_Exercise prompt_
Copy exactly every line below, from the first through the one that contains "Máquina de hielo, Nevera, Bímini, Capota", and skip all pictures.

---------- Input data ----------

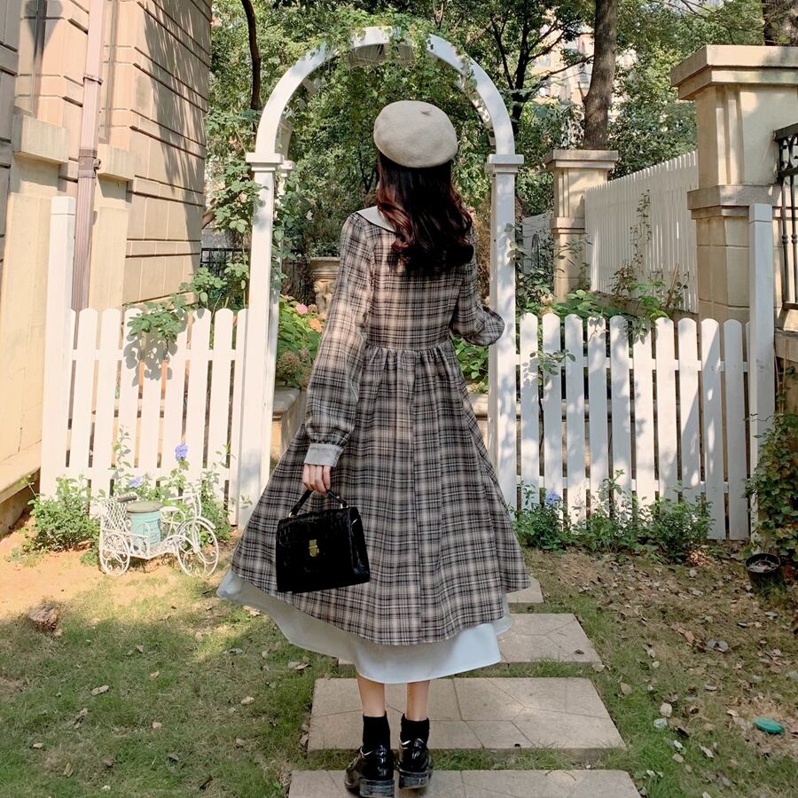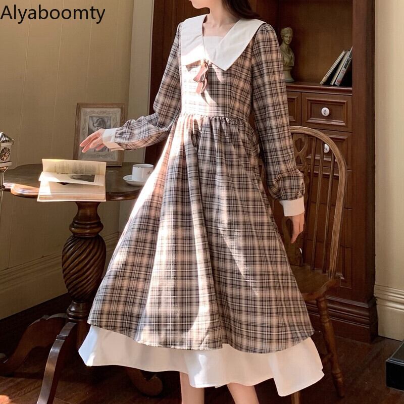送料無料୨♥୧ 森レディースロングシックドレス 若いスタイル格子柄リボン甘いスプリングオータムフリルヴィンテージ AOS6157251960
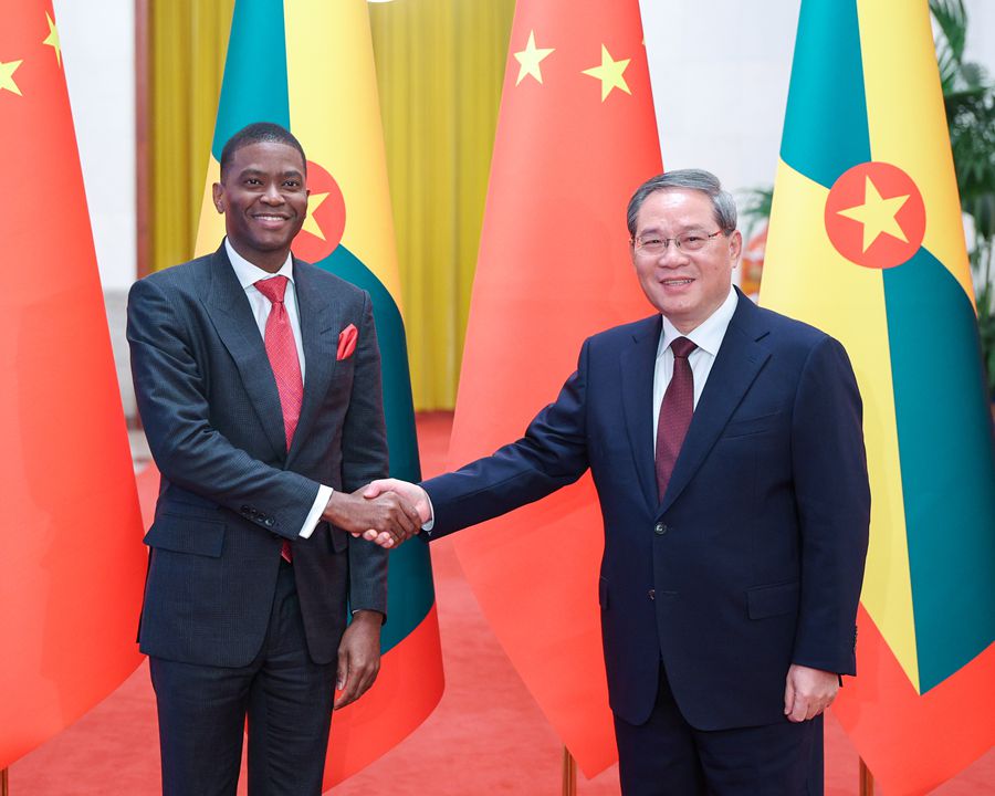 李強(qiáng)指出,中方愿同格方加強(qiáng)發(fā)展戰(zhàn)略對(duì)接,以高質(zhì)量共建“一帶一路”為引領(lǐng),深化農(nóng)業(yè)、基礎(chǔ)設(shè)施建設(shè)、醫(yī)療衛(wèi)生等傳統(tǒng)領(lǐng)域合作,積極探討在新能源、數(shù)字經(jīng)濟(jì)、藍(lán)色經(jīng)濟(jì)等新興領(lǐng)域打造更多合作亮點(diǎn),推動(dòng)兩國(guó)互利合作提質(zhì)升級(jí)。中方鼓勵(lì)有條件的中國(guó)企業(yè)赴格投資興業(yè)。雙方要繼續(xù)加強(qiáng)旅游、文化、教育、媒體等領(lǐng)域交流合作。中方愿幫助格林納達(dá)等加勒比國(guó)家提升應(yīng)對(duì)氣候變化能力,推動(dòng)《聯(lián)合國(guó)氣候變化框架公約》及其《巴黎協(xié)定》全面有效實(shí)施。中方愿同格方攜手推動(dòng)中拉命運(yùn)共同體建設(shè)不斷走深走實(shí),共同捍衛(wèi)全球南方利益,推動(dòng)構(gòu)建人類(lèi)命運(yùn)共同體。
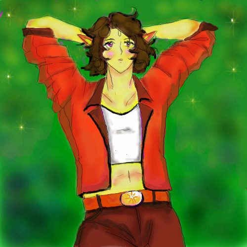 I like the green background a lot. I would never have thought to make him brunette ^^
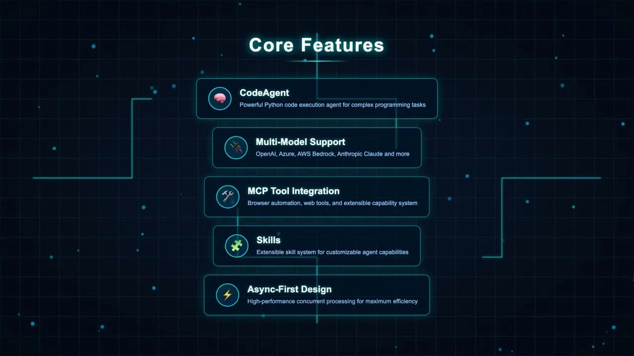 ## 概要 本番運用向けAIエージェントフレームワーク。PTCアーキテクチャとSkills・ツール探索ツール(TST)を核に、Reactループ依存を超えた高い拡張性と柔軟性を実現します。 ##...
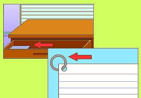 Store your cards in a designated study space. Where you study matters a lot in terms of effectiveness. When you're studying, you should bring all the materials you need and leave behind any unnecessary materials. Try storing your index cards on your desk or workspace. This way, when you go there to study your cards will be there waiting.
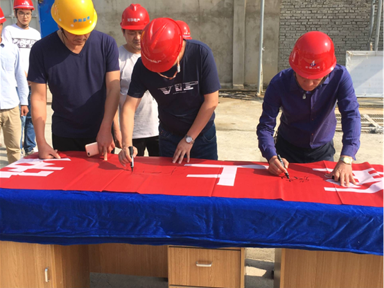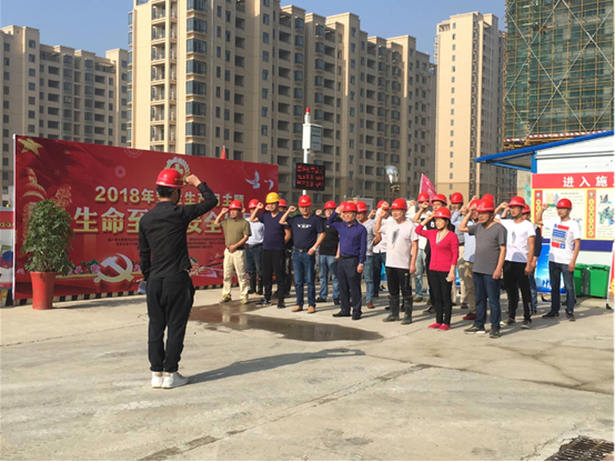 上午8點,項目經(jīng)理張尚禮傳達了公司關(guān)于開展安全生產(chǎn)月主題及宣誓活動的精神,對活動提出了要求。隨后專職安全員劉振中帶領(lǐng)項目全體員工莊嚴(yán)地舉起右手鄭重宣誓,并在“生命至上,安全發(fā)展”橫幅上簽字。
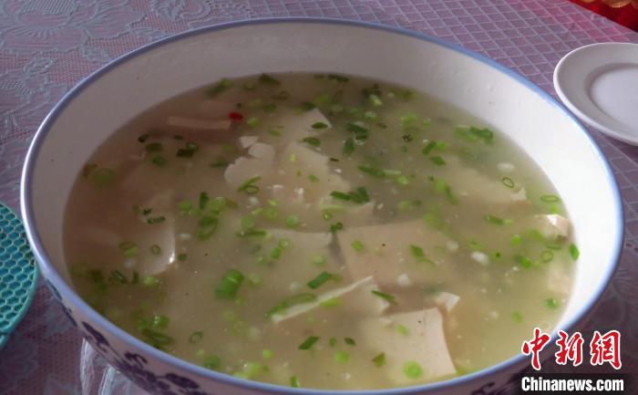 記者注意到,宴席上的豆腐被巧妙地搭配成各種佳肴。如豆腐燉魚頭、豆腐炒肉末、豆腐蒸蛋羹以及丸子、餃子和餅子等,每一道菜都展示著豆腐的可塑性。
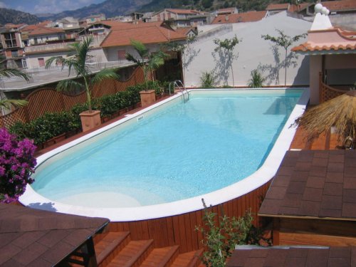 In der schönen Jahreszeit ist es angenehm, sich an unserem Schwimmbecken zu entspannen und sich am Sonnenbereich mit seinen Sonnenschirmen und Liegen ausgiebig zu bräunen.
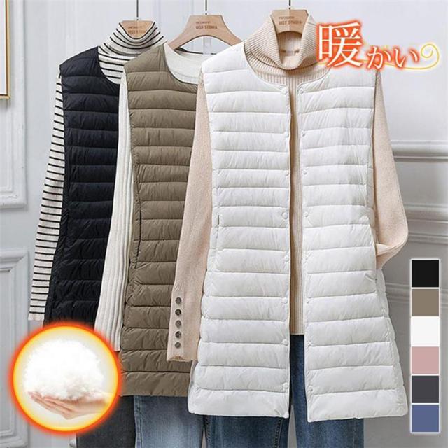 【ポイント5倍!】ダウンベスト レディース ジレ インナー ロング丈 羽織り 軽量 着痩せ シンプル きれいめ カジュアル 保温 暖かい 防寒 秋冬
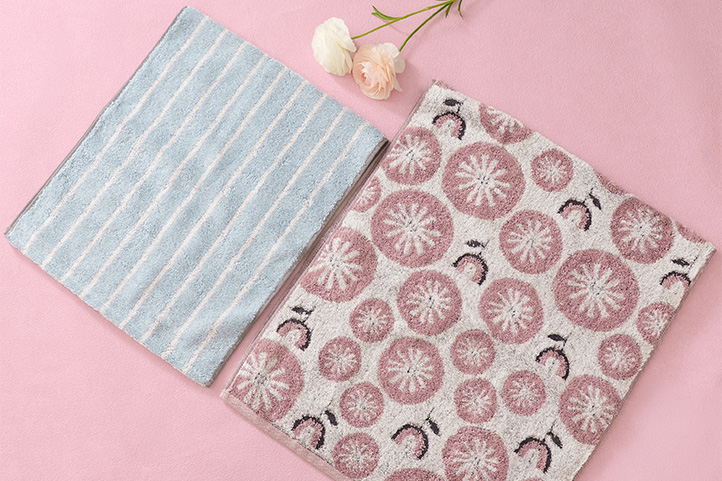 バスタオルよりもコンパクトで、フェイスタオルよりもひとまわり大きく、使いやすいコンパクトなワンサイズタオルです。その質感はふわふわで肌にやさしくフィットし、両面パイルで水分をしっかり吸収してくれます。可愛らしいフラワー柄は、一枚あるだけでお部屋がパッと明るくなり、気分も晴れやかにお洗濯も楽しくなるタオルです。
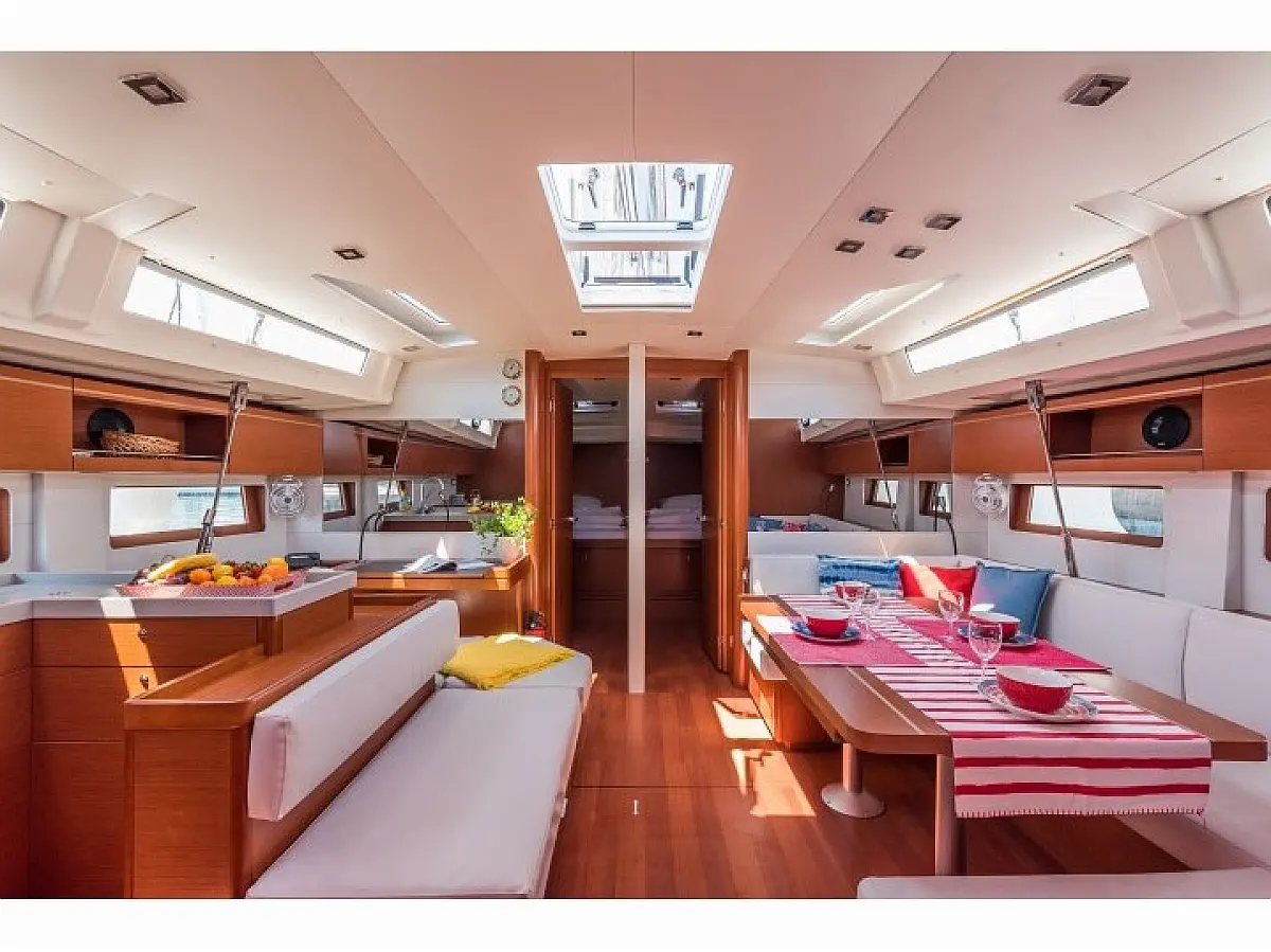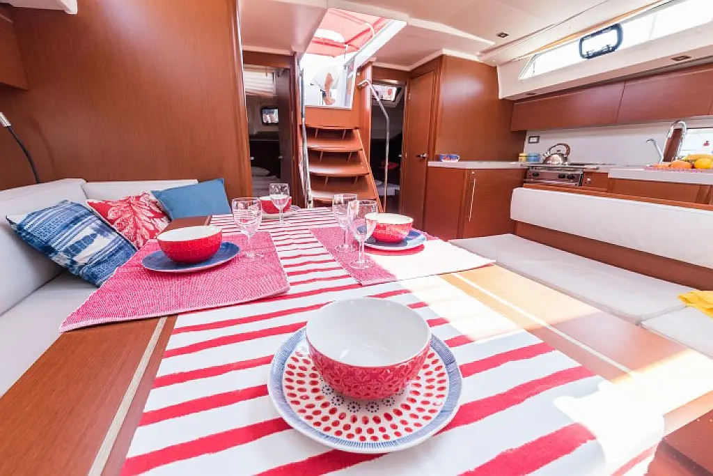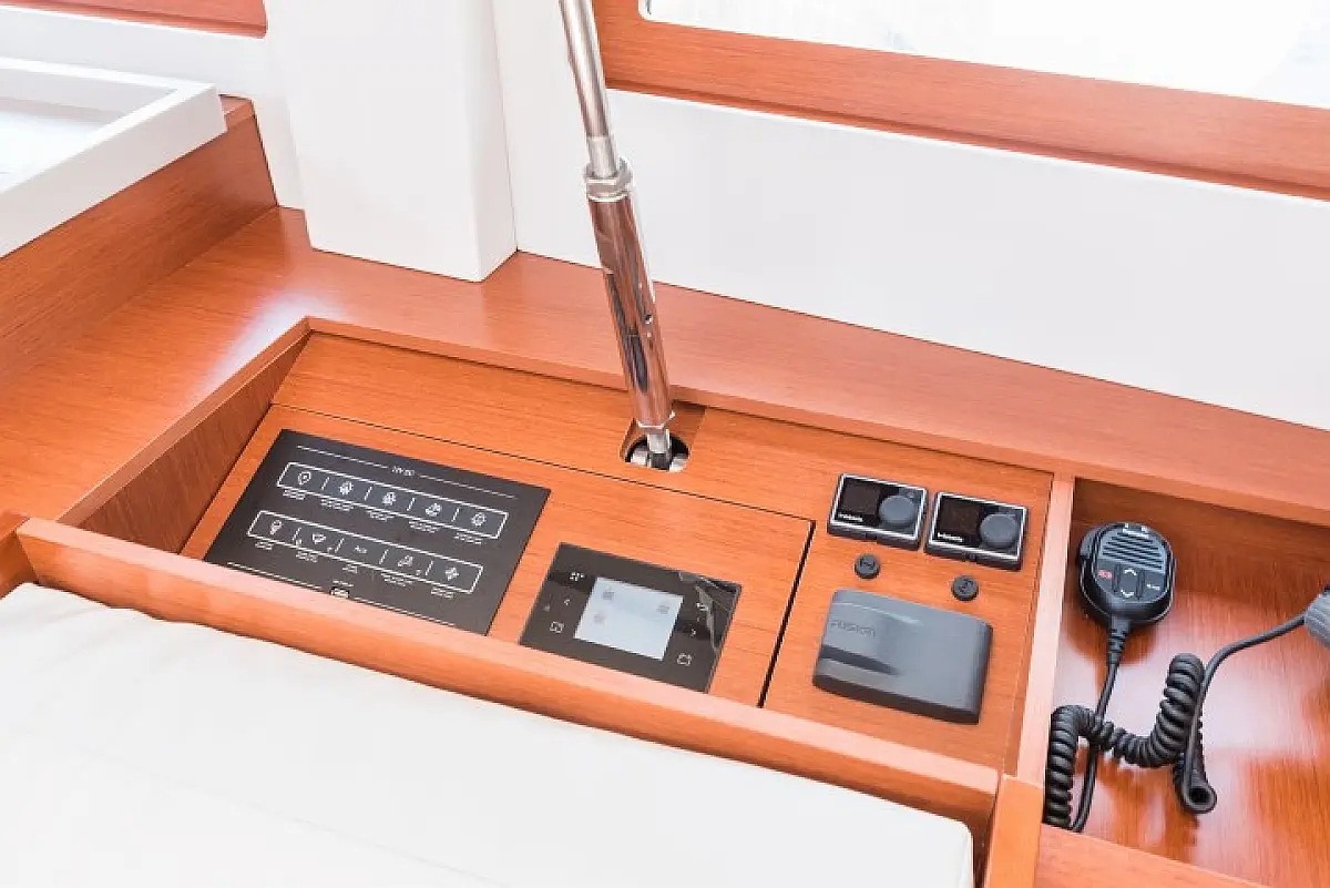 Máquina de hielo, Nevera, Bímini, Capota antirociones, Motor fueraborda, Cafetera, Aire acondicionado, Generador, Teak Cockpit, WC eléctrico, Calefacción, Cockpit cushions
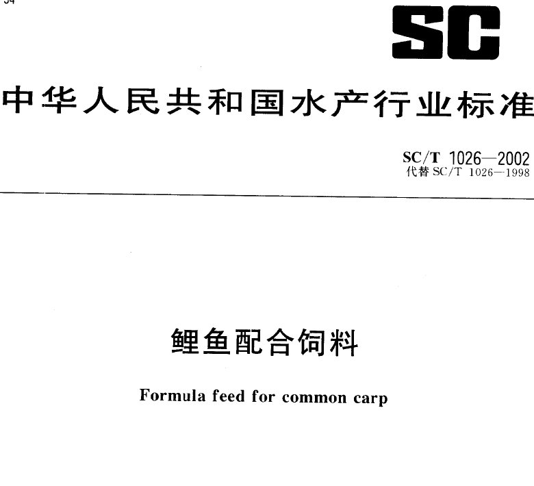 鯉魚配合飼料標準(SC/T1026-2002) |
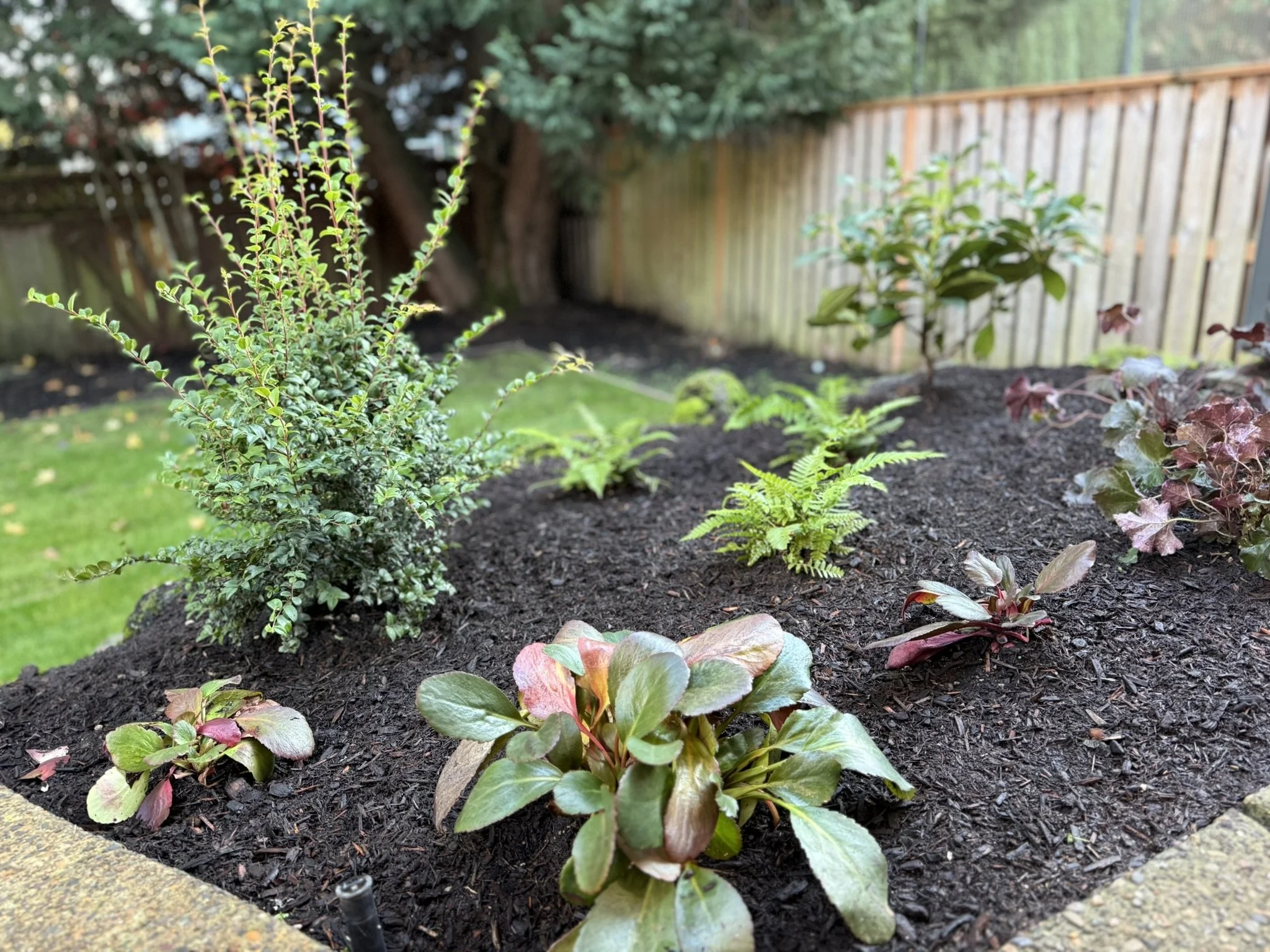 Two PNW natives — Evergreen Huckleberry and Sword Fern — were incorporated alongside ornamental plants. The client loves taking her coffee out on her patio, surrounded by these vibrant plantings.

----------

_Exercise result_
送料無料୨♥୧ 森レディースロングシックドレス 若いスタイル格子柄リボン甘いスプリングオータムフリルヴィンテージ AOS6157251960
 李強(qiáng)指出,中方愿同格方加強(qiáng)發(fā)展戰(zhàn)略對(duì)接,以高質(zhì)量共建“一帶一路”為引領(lǐng),深化農(nóng)業(yè)、基礎(chǔ)設(shè)施建設(shè)、醫(yī)療衛(wèi)生等傳統(tǒng)領(lǐng)域合作,積極探討在新能源、數(shù)字經(jīng)濟(jì)、藍(lán)色經(jīng)濟(jì)等新興領(lǐng)域打造更多合作亮點(diǎn),推動(dòng)兩國(guó)互利合作提質(zhì)升級(jí)。中方鼓勵(lì)有條件的中國(guó)企業(yè)赴格投資興業(yè)。雙方要繼續(xù)加強(qiáng)旅游、文化、教育、媒體等領(lǐng)域交流合作。中方愿幫助格林納達(dá)等加勒比國(guó)家提升應(yīng)對(duì)氣候變化能力,推動(dòng)《聯(lián)合國(guó)氣候變化框架公約》及其《巴黎協(xié)定》全面有效實(shí)施。中方愿同格方攜手推動(dòng)中拉命運(yùn)共同體建設(shè)不斷走深走實(shí),共同捍衛(wèi)全球南方利益,推動(dòng)構(gòu)建人類(lèi)命運(yùn)共同體。
 I like the green background a lot. I would never have thought to make him brunette ^^
 ## 概要 本番運用向けAIエージェントフレームワーク。PTCアーキテクチャとSkills・ツール探索ツール(TST)を核に、Reactループ依存を超えた高い拡張性と柔軟性を実現します。 ##...
 Store your cards in a designated study space. Where you study matters a lot in terms of effectiveness. When you're studying, you should bring all the materials you need and leave behind any unnecessary materials. Try storing your index cards on your desk or workspace. This way, when you go there to study your cards will be there waiting.
 上午8點,項目經(jīng)理張尚禮傳達了公司關(guān)于開展安全生產(chǎn)月主題及宣誓活動的精神,對活動提出了要求。隨后專職安全員劉振中帶領(lǐng)項目全體員工莊嚴(yán)地舉起右手鄭重宣誓,并在“生命至上,安全發(fā)展”橫幅上簽字。
 記者注意到,宴席上的豆腐被巧妙地搭配成各種佳肴。如豆腐燉魚頭、豆腐炒肉末、豆腐蒸蛋羹以及丸子、餃子和餅子等,每一道菜都展示著豆腐的可塑性。
 In der schönen Jahreszeit ist es angenehm, sich an unserem Schwimmbecken zu entspannen und sich am Sonnenbereich mit seinen Sonnenschirmen und Liegen ausgiebig zu bräunen.
 【ポイント5倍!】ダウンベスト レディース ジレ インナー ロング丈 羽織り 軽量 着痩せ シンプル きれいめ カジュアル 保温 暖かい 防寒 秋冬
 バスタオルよりもコンパクトで、フェイスタオルよりもひとまわり大きく、使いやすいコンパクトなワンサイズタオルです。その質感はふわふわで肌にやさしくフィットし、両面パイルで水分をしっかり吸収してくれます。可愛らしいフラワー柄は、一枚あるだけでお部屋がパッと明るくなり、気分も晴れやかにお洗濯も楽しくなるタオルです。
 Máquina de hielo, Nevera, Bímini, Capota antirociones, Motor fueraborda, Cafetera, Aire acondicionado, Generador, Teak Cockpit, WC eléctrico, Calefacción, Cockpit cushions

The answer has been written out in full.